The Neustadt Prize: A fabulous international reading list

2014-Nominees

The winner of 2014 Neustadt International Prize for Literature will be announced today, November 1.

(A festival celebrating Noami Shihab Nye, winner of 2013 NSK Prize for Children’s literature is currently ongoing at the University of Oklahoma. )

I like this prize for its quirkiness, and I mean that it a good way.

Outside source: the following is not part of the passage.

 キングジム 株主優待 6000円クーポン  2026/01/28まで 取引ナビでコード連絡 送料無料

The Neustadt International Prize for Literature, sometimes called the ‘American Nobel’ (don’t ask), is awarded every two years.   The  Executive Director of World Literature Today, in consultation with leadership of the University of Oklahoma, selects members of a jury made up of international writers. Each juror nominates one writer (it matters not if writer is a poet, a novelist or a playwright) and selects one representative work by the nominated writer.  A list of nominees and their books is then announced.

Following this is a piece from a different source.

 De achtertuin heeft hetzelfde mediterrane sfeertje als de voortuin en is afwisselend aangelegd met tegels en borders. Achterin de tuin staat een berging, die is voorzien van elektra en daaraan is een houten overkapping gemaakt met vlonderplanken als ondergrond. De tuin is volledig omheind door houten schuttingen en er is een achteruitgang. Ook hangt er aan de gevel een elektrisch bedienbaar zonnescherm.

The transparency alone makes the Neustadt un-Nobel-like and that’s a good thing.

For readers, the nominating process generates two lists of authors;  one of jurors and another of nominees.  This is a bonus for readers like me who’re always looking to add new writers to our reading list.

The list of past Neustadt Prize Laureates is utter goodness with names such as Rohinton Mistry, Patricia Grace, Alvaro Mutis, David Malouf, Nuruddin Farah, Assia Djebar, Duo Duo, Elizabeth Bishop and more.

I can only imagine the emotional returns from completing a reading challenge of works by Neustadt laureates, nominees and jurists. Hint. Is anyone there?

Nominees for this year’s prize

One woman writer out of  a shortlist of nine is the only negative. The ratio has been a tad better for some previous years’ nominations.  Jurists should feel free to contact this reader if they can’t come up with a single women writer to nominate.  My services are free but payment can be made in books.

Here are the 2014 nominees and their representative books (English titles only):

César Aira  (Argentina) – How I Became a Nun

Mia Couto (Mozambique) – Sleepwalking Land

Duong Thu Huong (Vietnam) – No Man’s Land

Edward P. Jones (US) – All Aunt Hagar’s Children

Ilya Kaminsky Ukraine/US) – Dancing in Odessa

Chang-rae Lee (US) – The Surrendered

Edouard Maunick (Mauritius) – Mandela, Dead and Alive

Haruki Murakami (Japan) – The Elephant Vanishes

Ghassan Zaqtan (Palestine) – Like a Straw Bird It Follows Me

Based only on those I’ve read: we have a competition here.

First, Mia Couto is trending big this year.  He won the most  prestigious literary prize for works written in Portuguese, the Camões Prize, in June this year. His novel, Sleepwalking Land, was listed among the 12 best works of African Literature of the 20th Century.  Mia Couto has been writing for over 30 years and has published over 26 books.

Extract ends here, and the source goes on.